ITEM 3 QUANTITATIVE AND QUALITATIVE DISCLOSURES ABOUT MARKET RISK The Company's exposure to market risk for changes in interest rates relate primarily to the Company's investment portfolio. The Company places its investments in debt instruments of the U.S. government and in high-quality corporate issuers. As stated in its policy, the Company seeks to ensure the safety and preservation of its invested funds by limiting default risk and market risk. The Company has no investments denominated in foreign country currencies and therefore is not subject to foreign exchange risk. There have been no material changes since the Form 10-K was filed for the Company's year ended December 31, 1999. (17)

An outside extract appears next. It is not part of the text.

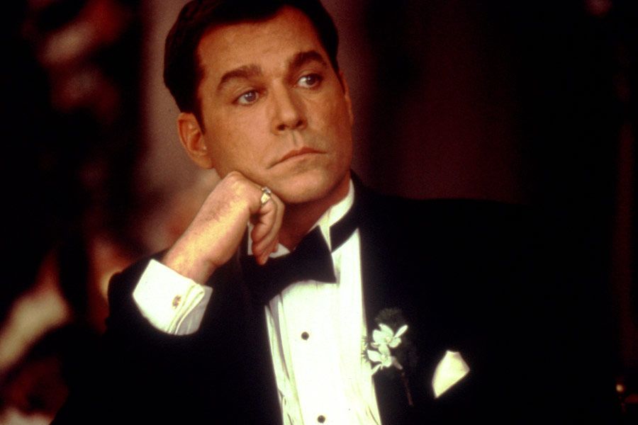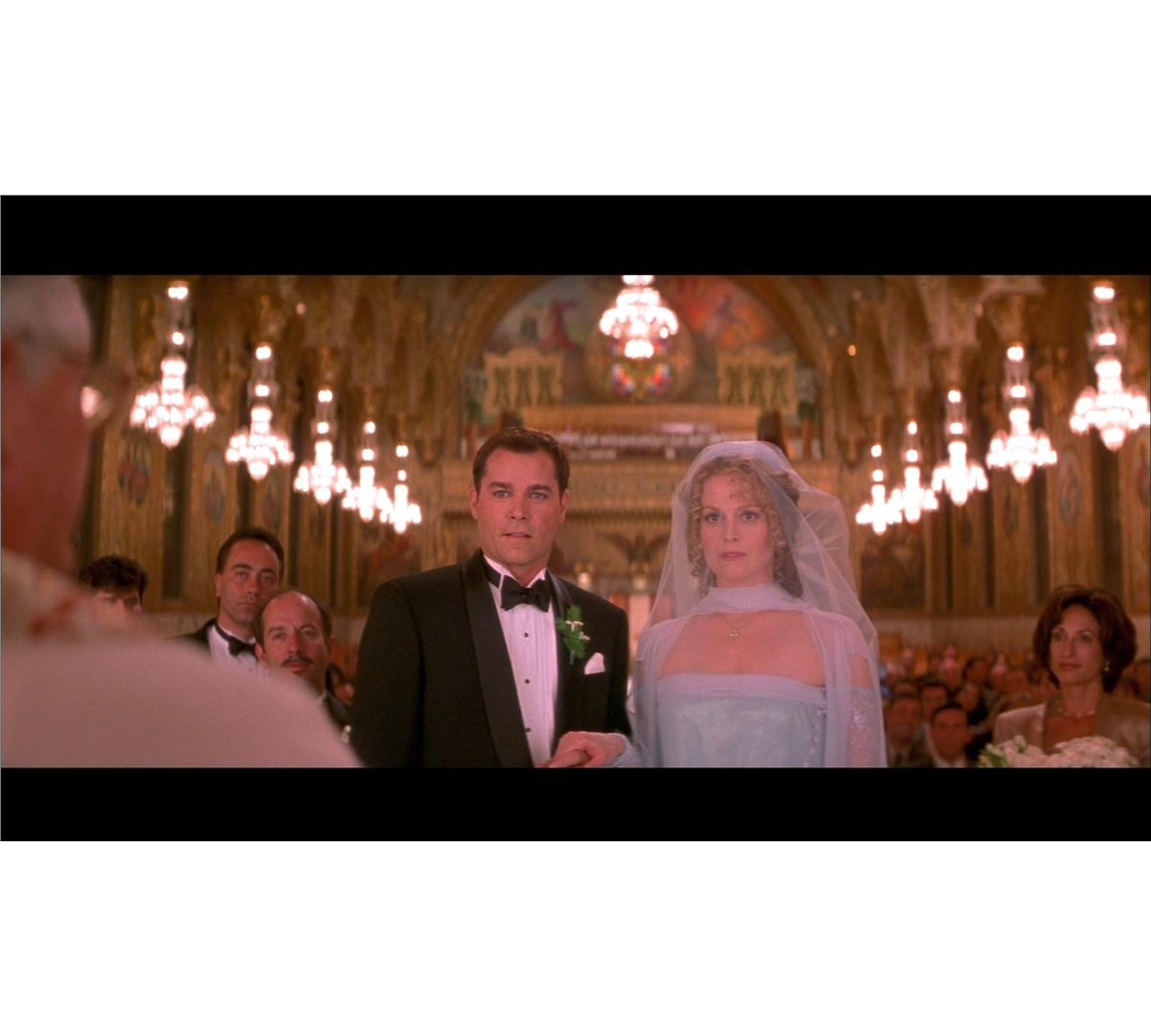 Hero tuxedo outfit worn by Ray Liotta as Dean Cumanno in Heartbreakers. Used in beginning scenes at church and banquet hall reception when Dean and Angela get married. Costume consists of black Giorgio Armani single breasted tuxedo jacket and matching pants, white cotton Brooks Bros. tux shirt, black satin cummerbund, black silk bow tie, white silk pocket square and Allen Edmonds black suede tux shoes size 9 1/2D. Accessories include small gold coin cufflinks, four gold black studs, red and white pass key for hotel door at The Regal Lily Inn. Change #1, Scenes 4-11.

PART II OTHER INFORMATION ITEM 2. Changes in Securities and Use of Proceeds ----------------------------------------- On May 10, 2000, the Company issued a warrant to purchase up to 10,146 shares of Common Stock of the Company to Big Star Investments LLC ("Big Star") in connection with the $1.0 million advance on the secured Bridge Loan with Big Star dated March 27, 2000. The warrant expires in five years and allows Big Star to purchase Common Stock of the Company at $5.00 per share. The warrant was exempt from registration under Section 4(2) of the Securities Act of 1933. On June 14, 2000, the Company issued 2,500,000 shares of its Common Stock at $5 per share to institutional and accredited investors in a Private Placement. In connection with the Private Placement, the Company issued a warrant to purchase up to 188,000 shares of Common Stock in the Company to Roth Capital Partners, Inc., for services as placement agent. The warrant expires in five years and allows Roth Capital Partners, Inc. to purchase Common Stock of the Company at $5 per share. The shares of Common Stock and the warrant were exempt from registration under section 4(2) of the Securities Act of 1933. On June 14, 2000, the Company issued a warrant to purchase up to 26,148 shares of Class A Common Stock of the Company to Ford Motor Company ("Ford") pursuant to the terms of the Value Participation Agreement dated March 27, 2000, between Ford and the Company in which the total number of shares subject to warrants will be adjusted for anti-dilution puposes. The Warrant, which expires in March 2007, allows Ford to purchase shares of Common Stock of the Company at $2.75 per share. The warrant was exempt from registration under Section 4(2) of the Securities Act of 1933. (18)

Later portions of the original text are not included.